Since you are using Gnome, you probably should keep those use flags. We do differ on fuse and samba.

Yes, I would try adding fuse to the  package use flags and reemerging "emerge -a1v gvfs" Does your kernel support FUSE?

Or as a quick test without modifying package.use "USE+=" fuse" emerge -a1v gvfs"

----------

## mrl4n

My kernel support fuse, before last upgrade all worked fine.

With the new USE (I added nfs and fuse) now I can see my windows network but not the disk...during the boot I read mount /dev/sde1, in the shell I can see files in, but in gnome I can't.  :Sad: 

----------

## Tony0945

 *mrl4n wrote:*   

> My kernel support fuse, before last upgrade all worked fine.
> 
> With the new USE (I added nfs and fuse) now I can see my windows network but not the disk...during the boot I read mount /dev/sde1, in the shell I can see files in, but in gnome I can't. 

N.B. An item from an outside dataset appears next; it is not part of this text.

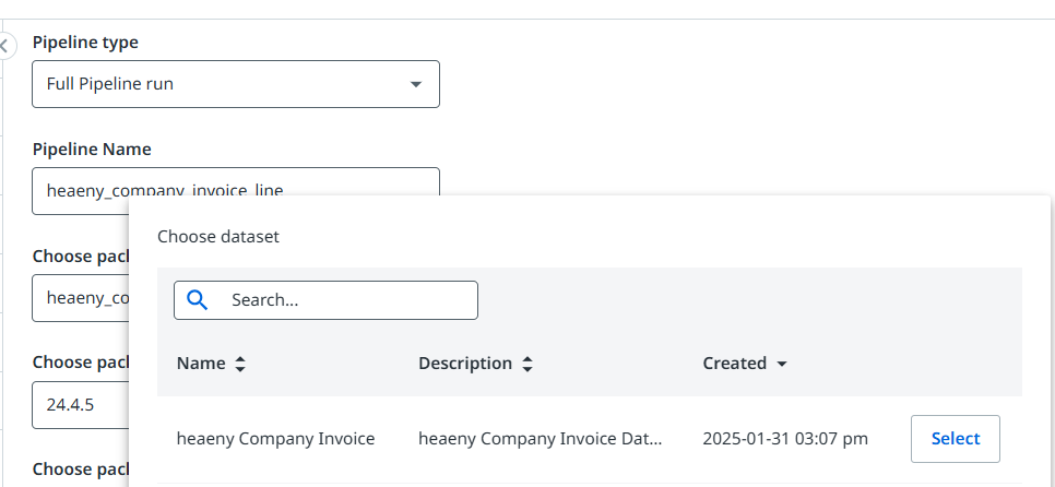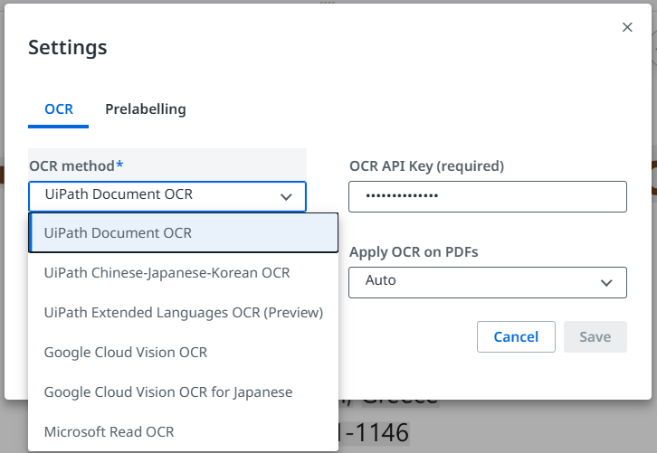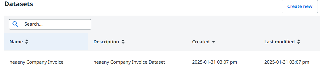 | UiPath Document Understanding 선택 | 라벨링의 이름 및 데이터 셋 선택 |

 It's got to be something with Gnome and/or systemd. Sorry, I can't help, but I left Gnome over systemd and that ugly Windows 8 interface. Real Linux sees your disk, but Gnome doesn't.

----------

## mrl4n

I don't understand the difference between two identical disks; dev/sdb it's a windows archive, like dev/sde.

In the fstab I mount to boot /dev/sde and I can't see it in gnome; dev/sdb is mounted by hand when needed and it is in the disks list in gnome

If I modify in fstab dev/sde like dev/sdb settings, I've an error during boot and system don't mount the disk...   :Mad:   :Mad:   :Mad:   :Mad:   :Mad: 

----------